Another quality measure that assesses potentially preventable readmissions within 30 days of IRF discharge may cause confusion with the quality reporting program’s existing measure on avoidable readmissions, the letter explained.

“The AHA is concerned by the overlap of the proposed post-discharge PPR [potentially preventable readmissions] measure with the existing IRF QRP [Quality Reporting Program] all-cause readmission measure,” wrote the AHA. “We believe using two distinct readmission measures – with results that are likely to differ – will make it confusing for IRFs to track and improve their performance. We urge the agency to implement a single readmission measure in the IRF QRP.”

In a letter to CMS regarding proposed changes to the SNF prospective payment system, the AHA suggested that CMS implement the Medicare Payment Advisory Commission’s recommendations. The changes included reimbursing SNFs based on patient clinical characteristics rather than therapy utilization, develop a per-stay and high-cost outlier policy, and create a separate payment for non-therapy ancillary services.

These suggestions would support increases in treating medically complex patients rather than higher-margin rehabilitation patients, especially in hospital-based SNFs that care for a different population than freestanding facilities.
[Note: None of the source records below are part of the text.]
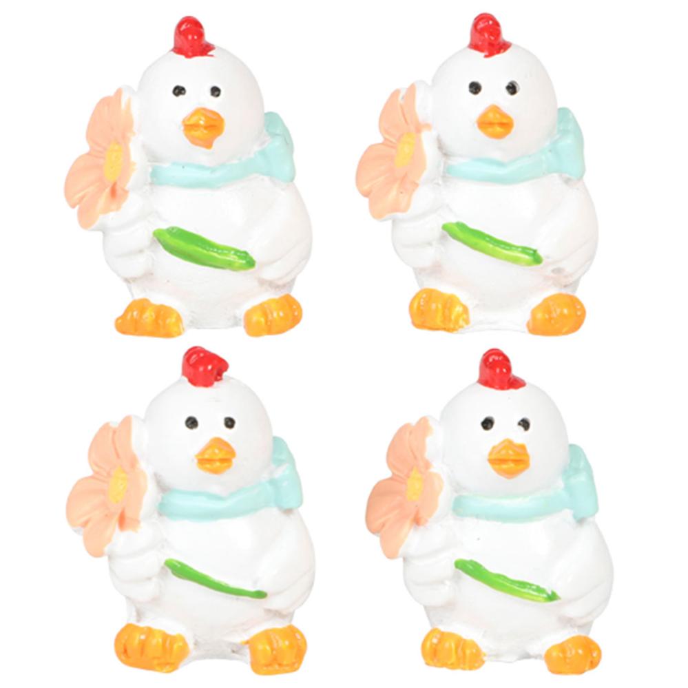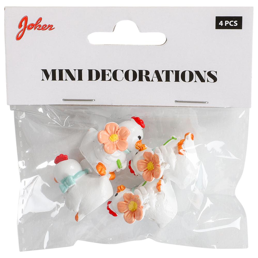 Høne Hvid 2x3 cm 4-pak indeholder små dekorationer i form af hvide høns dekoreret med blomster og sløjfer.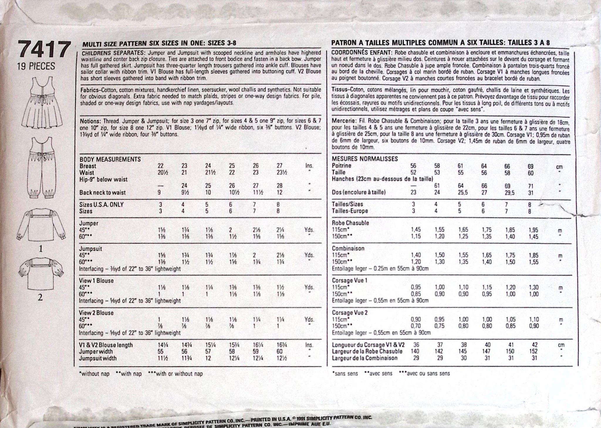 Children’s Separates: Pattern includes a jumper and jumpsuit featuring scooped necklines and armholes, with a raised waistline and a center back zipper. The jumper has a full gathered skirt, while the jumpsuit features three-quarter-length pants gathered into cuffs. Both garments have ties attached to the front bodice. Blouses in the pattern come with a sailor collar and options for short or long sleeves, providing a variety of styling choices for a versatile wardrobe. ©1991.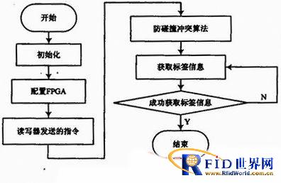 工作原理:啟動時,通過PC配置射頻參數,射頻參數存入緩沖區寄存器中,初始化內存;應用程序發出對標簽的應用功能指令,該指令通過應用程序接口調用標簽識別處理模塊,標簽識別處理模塊發出相應的指令給基帶處理模塊,基帶處理模塊對指令進行編碼調制形成基帶信號,通過PCIe接口將基帶信號發送給射頻板;主控部分通過PCIe接口接收射頻板傳送來的基帶信號,基帶處理模塊對基帶信號進行解調,形成標簽反向散射的指令格式,傳至標簽識別處理模塊,標簽識別處理模塊對指令進行相關CRC校驗對做出相應的響應。軟件流程如圖3所示。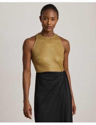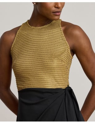 Perfetto per arricchire il guardaroba dei capi da sera, questo abito lungo unisce un corpino in rete con perline in tonalità oro a una gonna a portafoglio in jersey.Silhouette dritta. Lunghezza fino ai piedi. La taglia IT 44 ha una lunghezza di 153,7 cm. La lunghezza dell'abito è misurata a partire dal centro della nuca e varia di 1,3 cm in base alla taglia. Scollo arrotondato. Cerniera posteriore centrale nascosta con chiusura a gancetto. Silhouette senza maniche. Corpino con ricamo di perline all over. Gonna sovrapposta a portafoglio con fiocco sul lato sinistro della vita. Pieghe sul busto. Corpino foderato. Questo prodotto è realizzato con poliestere riciclato. Esterno del corpino: 100% poliestere. Esterno della gonna: 60% poliestere (riciclato), 35% poliestere, 5% elastan. Fodera: 89% poliestere, 11% elastan. Lavare a mano.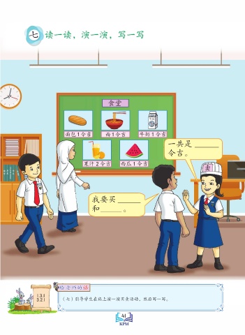 七 读一读,演一演,写一写 一共是 令吉。 我要买 和 。 话 给 老 师的话 给 老 师的 1.3.1 Saiz sebenar 3.2.1 (七)引导学生在班上演一演买卖活动,然后写一写。 41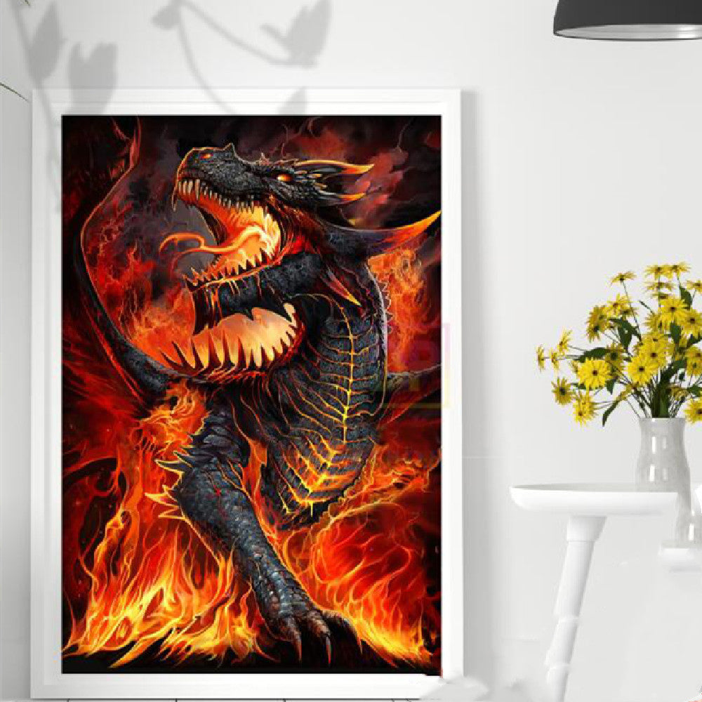 - Material: Canvas with a printed dragon design ready for diamond placement

Like the proposed IRF system changes, CMS is also adding three new quality measures to the 2018 SNF quality reporting program, including Medicare spending per beneficiary, discharge to community, and potentially preventable admissions.
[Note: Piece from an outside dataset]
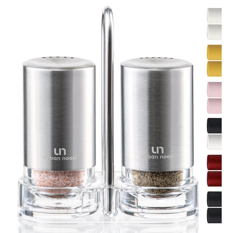 Salt and Pepper Shakers with Holder - Elegant Stainless Steel Salt Shaker and Pepper Shaker Set with Acrylic Holder for Kitchen Counter or Restaurant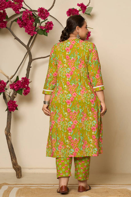 Yellow Floral Printed Cotton Anarkali Suit Set

The AHA has called on CMS to modify these quality measures, such as including patient functional status as part of the “Medicare spending per beneficiary” measure, reassessing the accuracy of patient discharge status codes, and developing a list of potentially preventable readmissions that is certified and tested by clinical experts.

Included in both letters to CMS, the AHA pinpointed several issues with measuring care quality that would affect the general post-acute care community and their respective Medicare prospective payment systems.
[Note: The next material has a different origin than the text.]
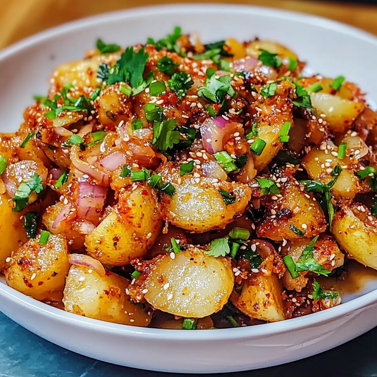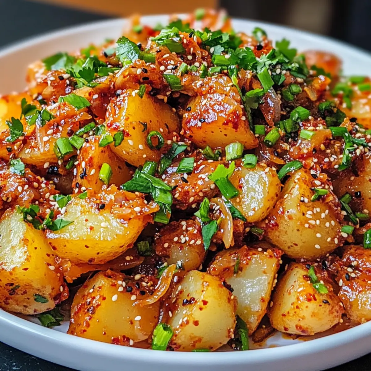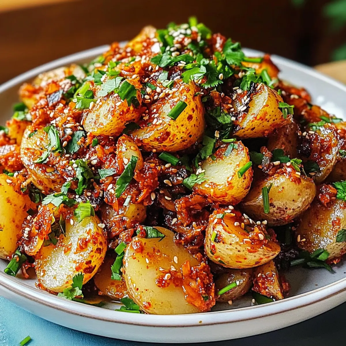 Auf einer meiner letzten Reisen nach Seoul entdeckte ich ein ganz besonderes Gericht, das meine Geschmacksknospen in den Bann zog: knusprige koreanische Kartoffeln! Diese goldenen, leicht zerdrückten Kartoffeln sind nicht nur ein echter Hingucker, sondern sie warten auch mit einem unwiderstehlichen Crunch auf – perfekt für alle, die der Einheitskost entfliehen und sich nach etwas Heimeligem sehnen. Mit einem würzigen Gochujang-Dressing, erfrischenden Schalotten und frischen Kräutern, kann ich euch garantieren, dass dieser Genuss sowohl Veganer als auch Fleischliebhaber begeistert. Schnell zubereitet und als Beilage oder Hauptgericht geeignet, wird dieses knusprige koreanische Kartoffelgericht zum Highlight jeder Mahlzeit. Seid ihr bereit, euer nächstes Lieblingsgericht zu entdecken? Warum sind koreanische Kartoffeln einzigartig? Knuspriger Genuss: Diese knusprigen koreanischen Kartoffeln bieten mit ihrem goldenen, knusprigen Äußeren und dem fluffigen Inneren ein Texturerlebnis, das einfach überzeugt. Würziger Kick: Das Gochujang-Dressing verleiht dem Gericht eine schöne, würzige Note, die für den extra „Wow“-Faktor sorgt. Es ist eine perfekte Balance zwischen süß, scharf und sauer – ein Genuss für die Geschmacksknospen! Vielseitigkeit: Egal, ob als Beilage zu Korean BBQ oder als Hauptgericht, dieses Rezept passt problemlos zu vielen Gerichten. Serviert sie mit Knuspriges Honig Feta oder gegrilltem Tempeh für ein vollständiges Menü! Einfache Zubereitung: Mit nur wenigen Zutaten und simplen Schritten ist diese Speise schnell zubereitet – ideal für hektische Tage, an denen ihr dennoch etwas Besonderes genießen möchtet. Anpassbar: Dank der Variationsmöglichkeiten könnt ihr den Schärfegrad ganz nach eurem Geschmack anpassen. Perfekt für alle, die gerne kreativ in der Küche sind! Knuspriges koreanisches Kartoffelgericht Zutaten • Hinweis: Hier sind die Zutaten, die ihr benötigt, um dieses köstliche knusprige koreanische Kartoffelgericht zuzubereiten. Für die Kartoffeln: Kleine wachsige Kartoffeln – sorgen für die perfekte Textur; Ideal sind Fingerlings oder andere wachsige Sorten. Feines Salz – hebt den Geschmack während des Kochens hervor. Geschmolzene pflanzliche Butter oder Pflanzenöl – verleiht den Kartoffeln zusätzlichen Geschmack und Reichtum. Knoblauchpulver – bringt eine angenehme, herzhafte Note hinein. Koreanisches Chili-Pulver (Gochugaru) – sorgt für die gewünschte Schärfe; passt die Menge je nach Vorliebe an. Für den Dressing: Veganer Mayo – sorgt für Cremigkeit; kann durch herkömmliche Mayo oder Kewpie ersetzt werden, um mehr Würze zu erhalten. Koreanische Chili-Paste (Gochujang) – bringt eine einzigartige süß-scharfe Note ins Spiel; passt die Menge nach gewünschter Schärfe an. Pflanzliche Fischsauce-Ersatz – fügt umami Geschmack hinzu; kann weggelassen werden, wenn nicht vorhanden. Frische Schalotten – geben einen milden Zwiebelgeschmack; sie können auch eingelegt werden, um einen spritzigen Geschmack zu erzielen. Limettensaft – sorgt für die nötige Säure und Helligkeit, um die Aromen auszubalancieren. Für das Garnieren: Frische Korianderblätter – bringen frische, kräuterige Noten ins Gericht. Frische Schnittlauch – fügt einen milden Zwiebelgeschmack hinzu; kann auch durch Frühlingszwiebeln ersetzt werden. Geröstete schwarze Sesamsamen – optionale Garnitur für zusätzlichen Crunch und Nussigkeit. Schritt-für-Schritt-Anleitungen für Knuspriges koreanisches Kartoffelgericht Step 1: Kartoffeln kochen Die kleinen wachsigen Kartoffeln gründlich abspülen und in einem großen Topf mit ausreichend Wasser und einer Prise feinem Salz zum Kochen bringen. Die Kartoffeln sollen ca. 10 Minuten kochen, bis sie mit einer Gabel leicht durchstochen werden können. Anschließend die Kartoffeln abgießen und in eine große Schüssel geben. Step 2: Kartoffeln würzen Während die Kartoffeln noch warm sind, geschmolzene pflanzliche Butter oder Pflanzenöl, Knoblauchpulver, Koreanisches Chili-Pulver (Gochugaru) und eine weitere Prise Salz hinzufügen. Alles gut vermengen, sodass die Kartoffeln gleichmäßig mit den Gewürzen überzogen sind, und dann beiseite stellen. Step 3: Kartoffeln zerdrücken Ein Backblech mit Backpapier auslegen und die gewürzten Kartoffeln gleichmäßig darauf verteilen. Mit einem Glas oder einer anderen flachen Oberfläche sanft auf die Kartoffeln drücken, bis sie leicht zerdrückt sind. Dadurch entstehen die perfekte Textur für das knusprige koreanische Kartoffelgericht. Step 4: Kartoffeln rösten Den Ofen auf 200°C (Umluft) vorheizen. Die zerdrückten Kartoffeln im vorgeheizten Ofen für etwa 20 Minuten rösten, bis sie goldbraun und knusprig sind. Achte darauf, dass die Ränder schön gebräunt sind und den unwiderstehlichen Crunch erreicht haben. Step 5: Schalotten vorbereiten Während die Kartoffeln in den Ofen rösten, die frischen Schalotten fein hacken und in eine kleine Schüssel geben. Mit Limettensaft übergießen und für etwa 5 Minuten stehen lassen, damit sie leicht eingelegt werden und ihr aromatisches Aroma entfalten. Step 6: Dressing anrühren In einer separaten Schüssel die vegane Mayo, die koreanische Chili-Paste (Gochujang), die pflanzliche Fischsauce und die eingelegten Schalotten zusammenrühren. Mit einem Schneebesen gut umrühren, bis eine cremige und glatte Konsistenz erreicht wird. Step 7: Servieren Die knusprigen Kartoffeln leicht abkühlen lassen und dann die Hälfte des Dressings über die Kartoffeln träufeln. Mit frischem Schnittlauch und gerösteten schwarzen Sesamsamen garnieren. Das restliche Dressing separat dazu servieren, damit jeder nach Belieben nachnehmen kann. Lagerungstipps für knuspriges koreanisches Kartoffelgericht Kühlschrank: Bewahre die übrig gebliebenen knusprigen koreanischen Kartoffeln in einem luftdichten Behälter im Kühlschrank auf und genieße sie innerhalb von 3 Tagen. Gefriertruhe: Diese Kartoffeln können nicht gut

The AHA has urged CMS to include socioeconomic factors in evaluations of quality measures, making appropriate adjustments when necessary. According to research from the National Academy of Medicine earlier this year, social risk factors are linked to patient outcomes of Medicare beneficiaries, especially affecting readmissions and patient experience.

“Indeed, measures that fail to adjust for sociodemographic factors when there is a conceptual and empirical relationship between those factors and the measure outcome lack credibility, unfairly portray the performance of providers caring for more complex and challenging patient populations, and may serve to exacerbate healthcare disparities,” the letter explained.

In addition to socioeconomic determinants, the AHA has called on CMS to perform “dry runs” of the quality reporting programs for both IRFs and SNFs and make the programs more transparent.

“CMS has used dry runs in the past – including in its post-acute care quality reporting programs – for new measures so that providers can become familiar with the methodology, understand the measure results, know how well they are performing, and have an opportunity to give CMS feedback on potential technical issues with the measures,” wrote the AHA.

In light of new quality measures, CMS should also publish more information about measure testing before implementation, stated the letter. The agency may consider field testing new measures with providers.

“Given that the measures will be publicly reported, it is imperative that they provide an accurate portrayal of provider performance,” the letter state. “For this reason, CMS must ensure that each measure is fully tested, and that the results of that testing are fully transparent so that all stakeholders have an opportunity to suggest meaningful improvements to the measure.”

While CMS has asked the healthcare community to comment on its proposed rules for IRF and SNF prospective payment systems, the new Medicare programs are scheduled to launch in 2017.